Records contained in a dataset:
________________________
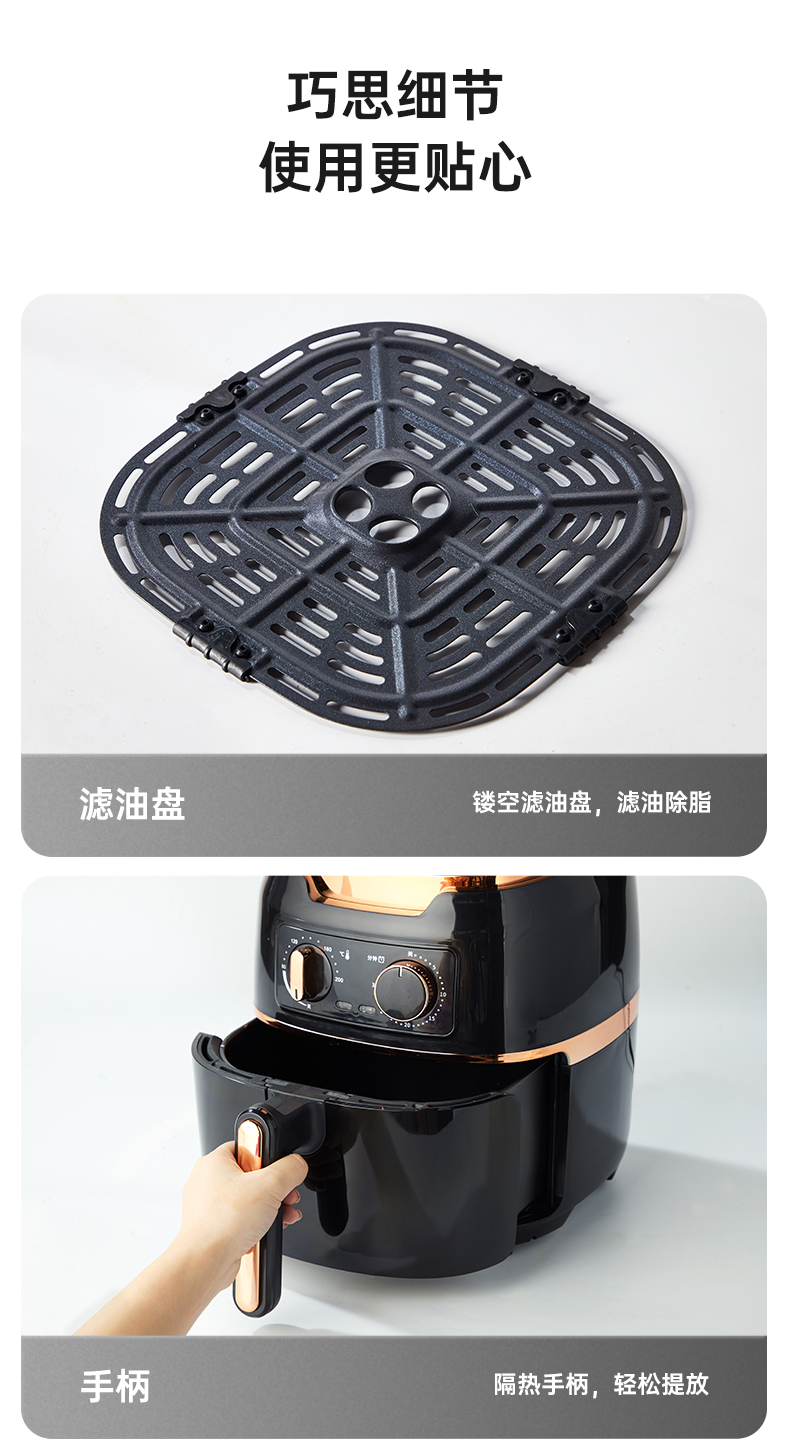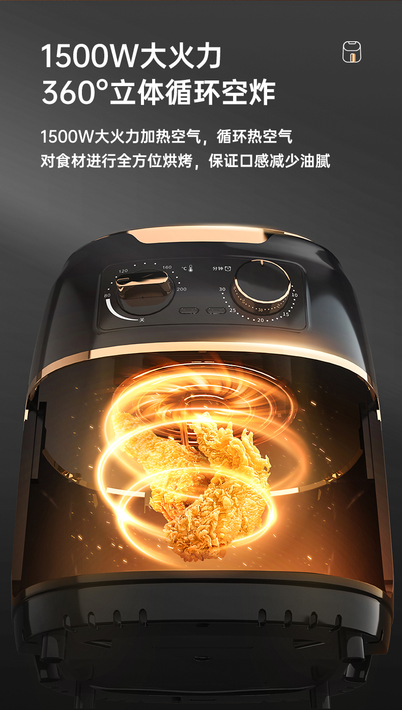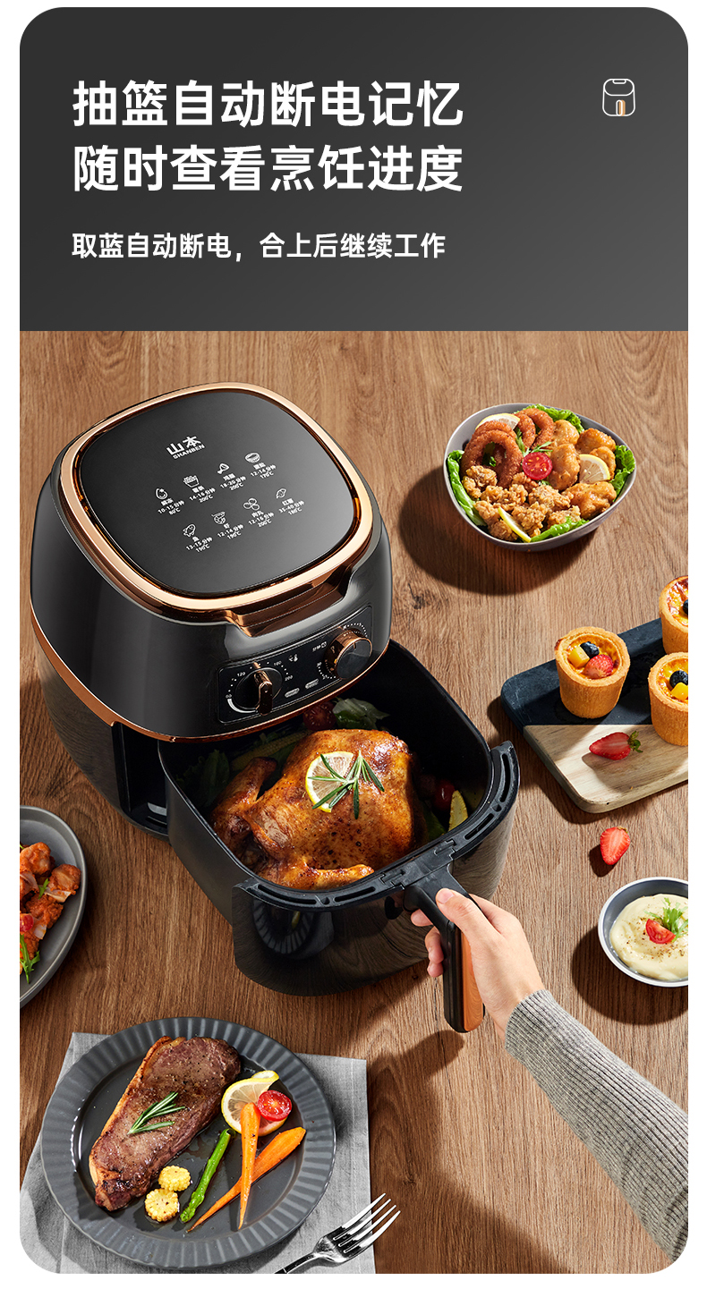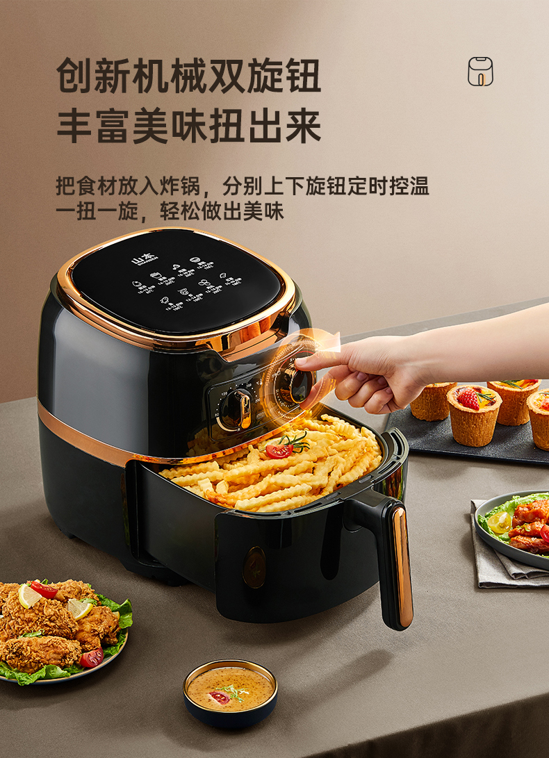 这款山本 S-2108TS空气炸锅,1500W大火力,4.5L大容量,抽桶即断电,可以随时添料尝味或放入食物续炸,放入炸篮自动原状态运行;双旋钮设计,分别控时控温。
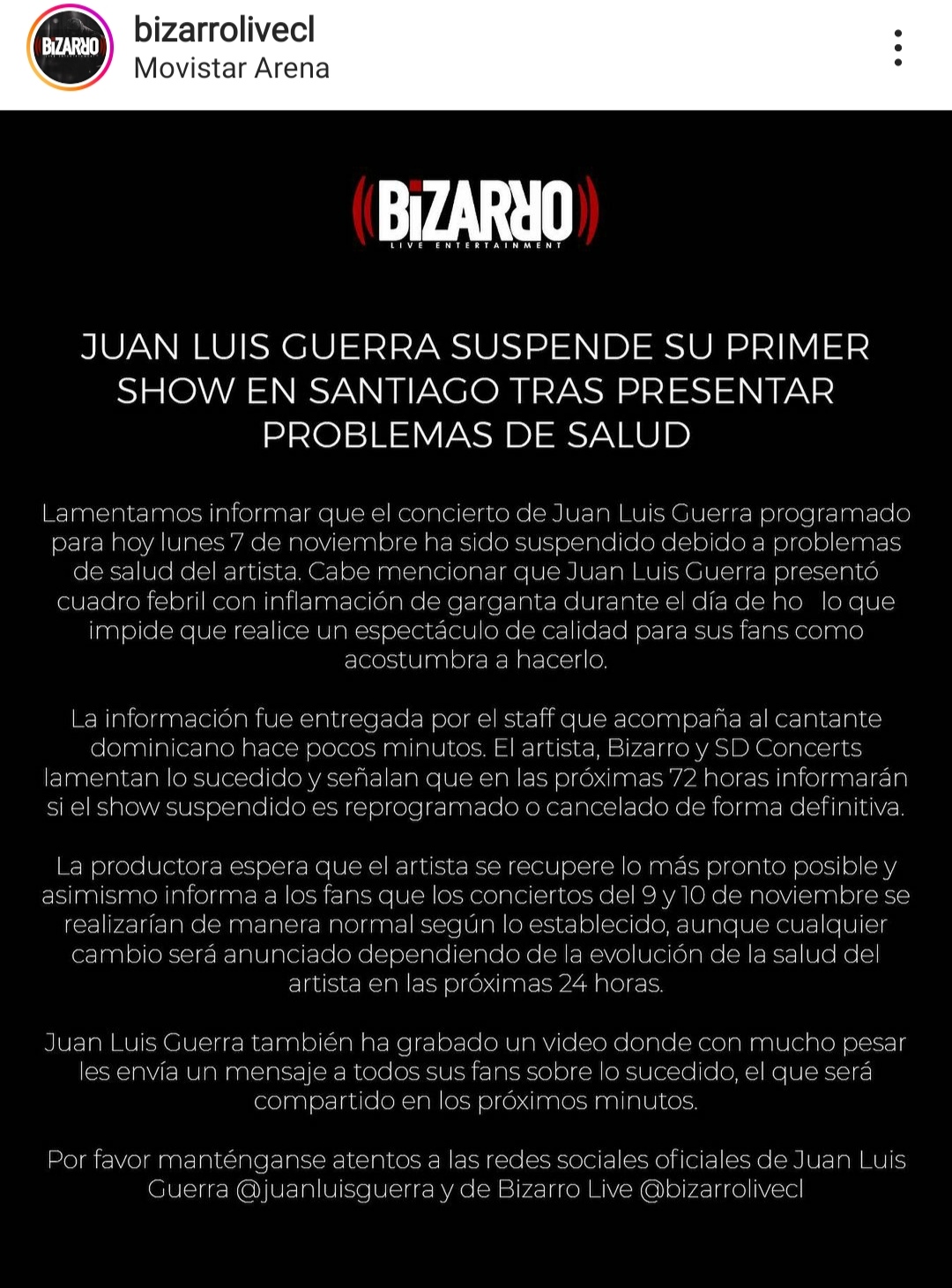 "Juan Luis Guerra también grabó un video donde, con mucho pesar, les envía un mensaje a todos sus fans sobre lo sucedido. Video que será compartido en los próximos minutos. Por favor manténganse atentos a las redes sociales oficiales de Juan Luis Guerra @juanluisguerray de Bizarro Live @bizarrolivecl", remata la productora a cargo de los shows.
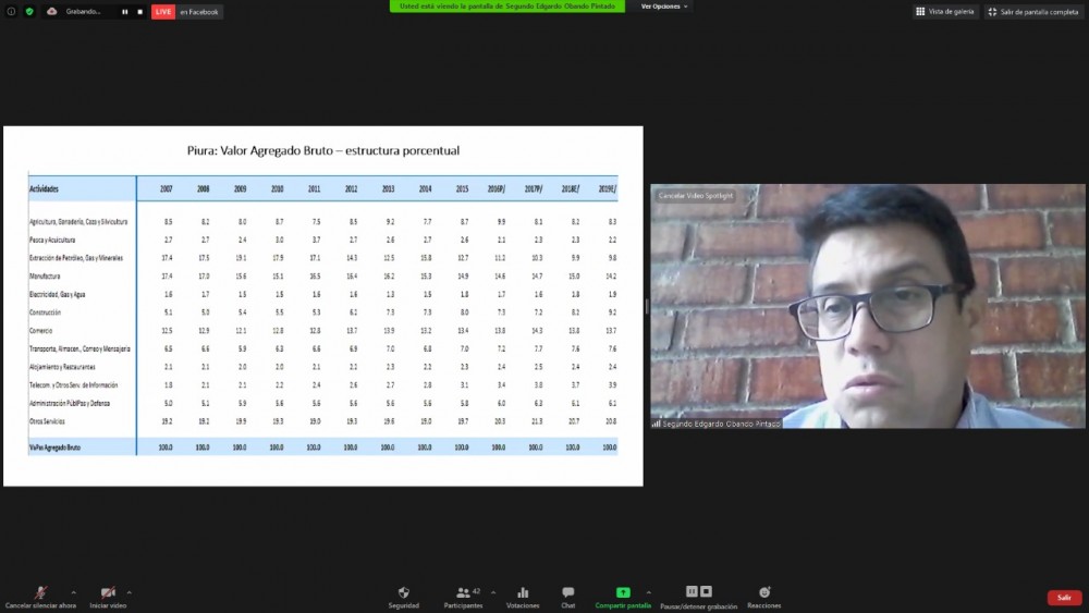Continuando con las exposiciones, el economista Segundo Obando centró su ponencia en el desarrollo económico en el contexto del Covid-19 y los desafíos sostenibles para la región. Obando hizo referencia a los retos y la forma en como los agricultores vienen superando la crisis que trajo consigo la pandemia para este sector. “Todos los sectores económicos de la región tuvieron un retroceso en cuanto a su crecimiento. Aquí tenemos al sector agrícola al que me voy a referir, este tuvo un retroceso de 1.3 % en comparación a periodos de años anteriores. De acuerdo con el Censo Nacional de Agropecuaria del 2012, nos dice que existen 1 895,9 millones de hectáreas para la actividad agropecuaria; el predominio de la agricultura minifundista no permite aprovechar las ventajas de las economías de escala para minimizar costos, limita la inversión de tecnologías, y difícilmente logra tratos comerciales eficientes. Frente a ellos surge la necesidad de promover la asociatividad de los pequeños productores. Viendo ya un caso específico de impacto de la Covid-19, está el del banano orgánico; para marzo la tendencia cambió, la pandemia ya estaba presente en nuestro territorio, se observaba el tema logístico y humano como base de producción, y esta disminuyó afectando a los productores, realizando exportaciones de 21, 082 toneladas por 15 millones de dólares, 13 % menos en volumen y 11 % menos en valor, para abril la tendencia era la misma”, puntualizó Obando.
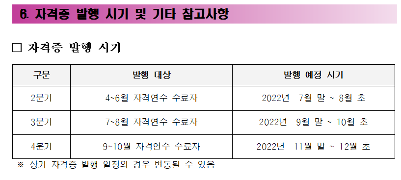 그렇지만 자격 연수를 수료한다고 바로 자격증이 발급되지는 않습니다. 발행 예정 시기가 정해져있기 때문인데요. 아래 공고문의 표에서 보듯, 2분기에 자격 연수를 받으면 빨라야 7월 말에 자격증을 발행받을 수 있습니다. 4분기에 연수를 수료하면 11월 말 정도에 발행이 되고요. 연수를 늦게 받을수록 자격증이 늦게 나오게 되는 거죠.
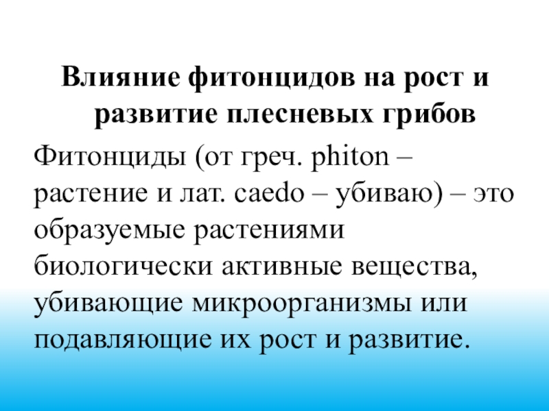 Влияние фитонцидов на рост и развитие плесневых грибовФитонциды (от греч. phiton – растение и лат. caedo – убиваю) –
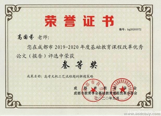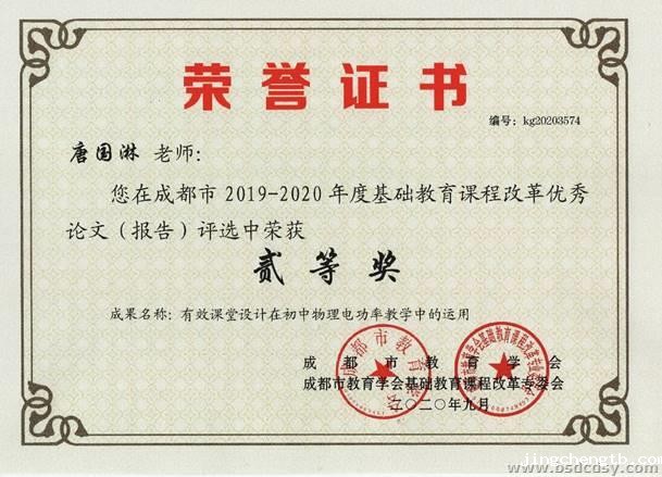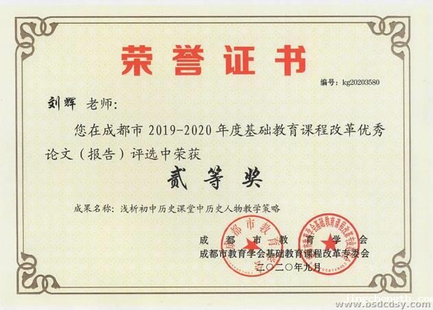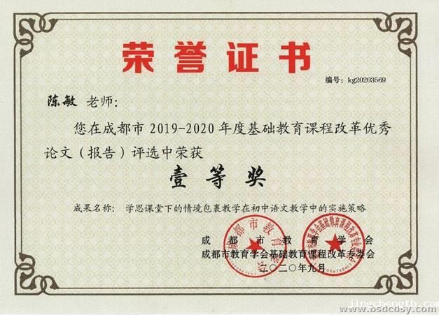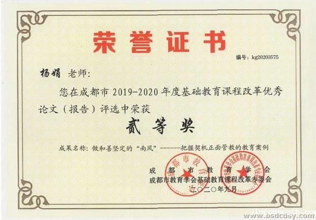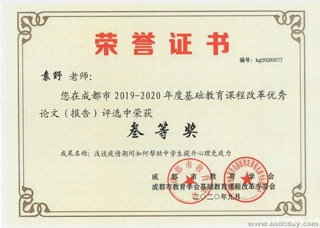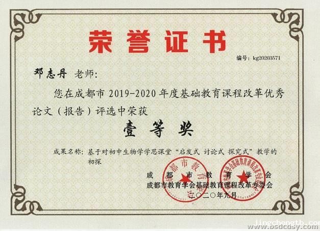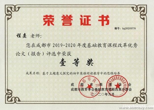 2019—2020年成都市基础教育课程改革优秀论文(报告)评选报喜
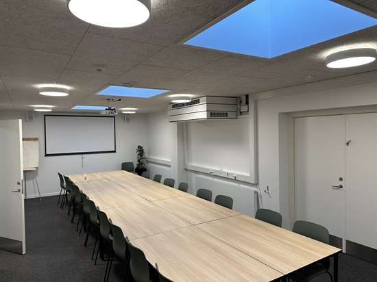 Dette mødelokale findes på 1. sal, først for på højre hånd. Lokalet kan rumme op til 20 personer.
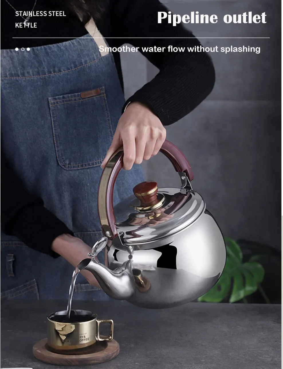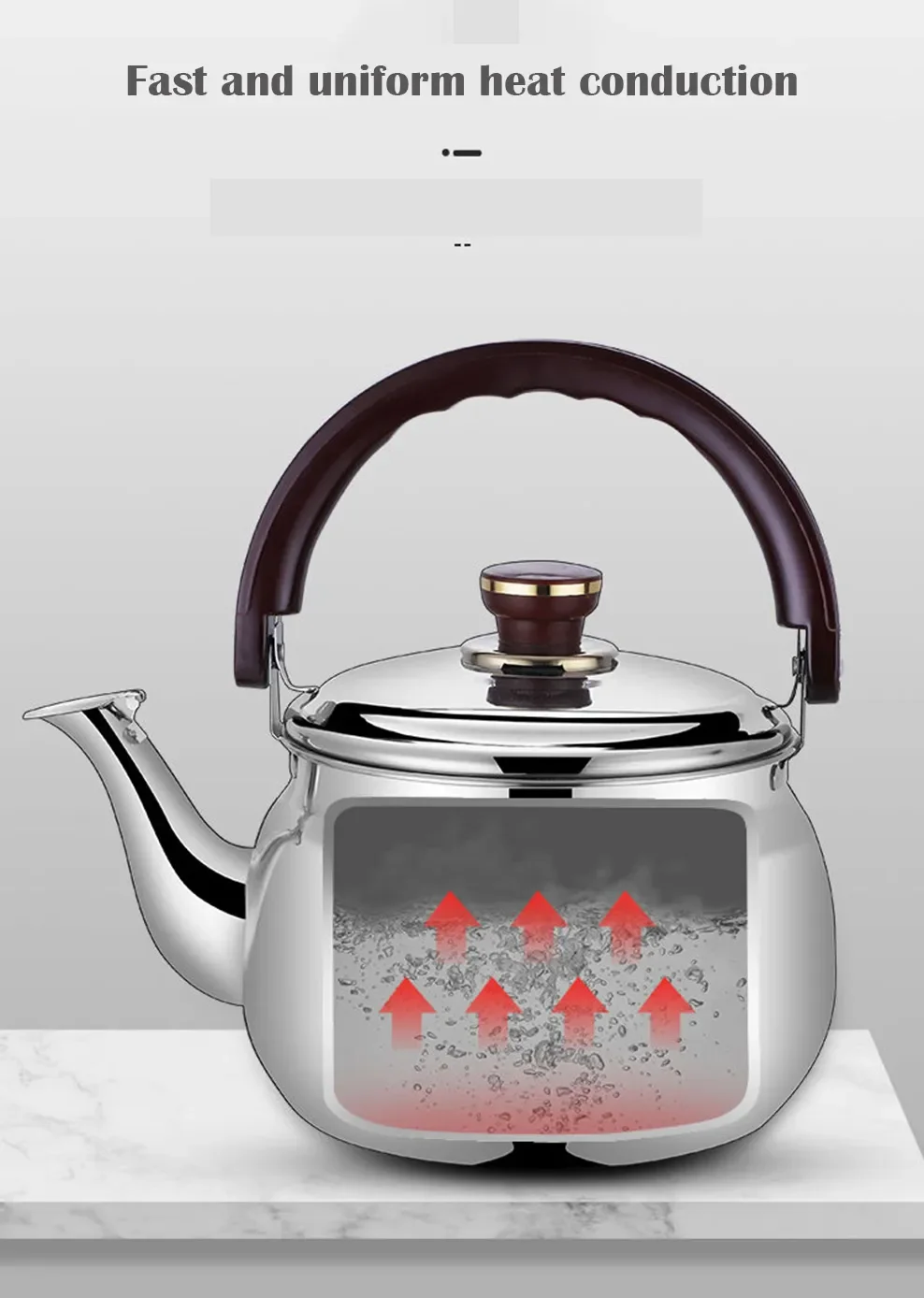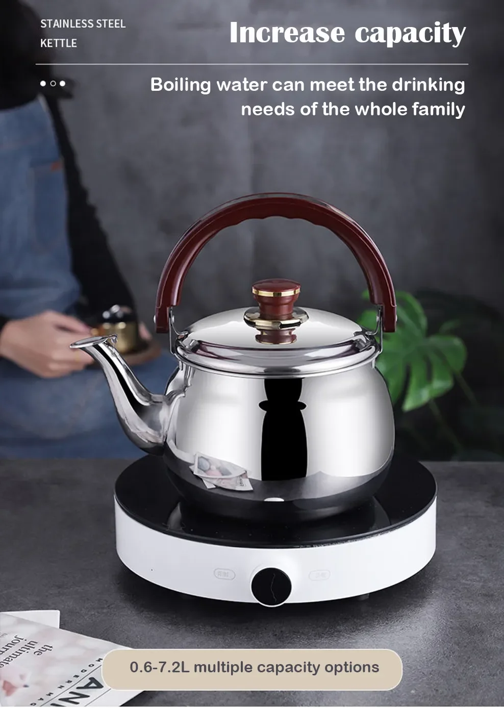 Stainless Steel Boiling Water Kettle Thicken Large Capacity Whistling Pot Beep Reminder Teapot Suitable For Induction Cooker
________________________
### [INSTRUCTIONS FOR THE TASK]
Keep the pictures out and print all the records exactly as they are.

### [ANSWER BOX]
 这款山本 S-2108TS空气炸锅,1500W大火力,4.5L大容量,抽桶即断电,可以随时添料尝味或放入食物续炸,放入炸篮自动原状态运行;双旋钮设计,分别控时控温。
 "Juan Luis Guerra también grabó un video donde, con mucho pesar, les envía un mensaje a todos sus fans sobre lo sucedido. Video que será compartido en los próximos minutos. Por favor manténganse atentos a las redes sociales oficiales de Juan Luis Guerra @juanluisguerray de Bizarro Live @bizarrolivecl", remata la productora a cargo de los shows.
Continuando con las exposiciones, el economista Segundo Obando centró su ponencia en el desarrollo económico en el contexto del Covid-19 y los desafíos sostenibles para la región. Obando hizo referencia a los retos y la forma en como los agricultores vienen superando la crisis que trajo consigo la pandemia para este sector. “Todos los sectores económicos de la región tuvieron un retroceso en cuanto a su crecimiento. Aquí tenemos al sector agrícola al que me voy a referir, este tuvo un retroceso de 1.3 % en comparación a periodos de años anteriores. De acuerdo con el Censo Nacional de Agropecuaria del 2012, nos dice que existen 1 895,9 millones de hectáreas para la actividad agropecuaria; el predominio de la agricultura minifundista no permite aprovechar las ventajas de las economías de escala para minimizar costos, limita la inversión de tecnologías, y difícilmente logra tratos comerciales eficientes. Frente a ellos surge la necesidad de promover la asociatividad de los pequeños productores. Viendo ya un caso específico de impacto de la Covid-19, está el del banano orgánico; para marzo la tendencia cambió, la pandemia ya estaba presente en nuestro territorio, se observaba el tema logístico y humano como base de producción, y esta disminuyó afectando a los productores, realizando exportaciones de 21, 082 toneladas por 15 millones de dólares, 13 % menos en volumen y 11 % menos en valor, para abril la tendencia era la misma”, puntualizó Obando.
 그렇지만 자격 연수를 수료한다고 바로 자격증이 발급되지는 않습니다. 발행 예정 시기가 정해져있기 때문인데요. 아래 공고문의 표에서 보듯, 2분기에 자격 연수를 받으면 빨라야 7월 말에 자격증을 발행받을 수 있습니다. 4분기에 연수를 수료하면 11월 말 정도에 발행이 되고요. 연수를 늦게 받을수록 자격증이 늦게 나오게 되는 거죠.
 Влияние фитонцидов на рост и развитие плесневых грибовФитонциды (от греч. phiton – растение и лат. caedo – убиваю) –
 2019—2020年成都市基础教育课程改革优秀论文(报告)评选报喜
 Dette mødelokale findes på 1. sal, først for på højre hånd. Lokalet kan rumme op til 20 personer.
 Stainless Steel Boiling Water Kettle Thicken Large Capacity Whistling Pot Beep Reminder Teapot Suitable For Induction Cooker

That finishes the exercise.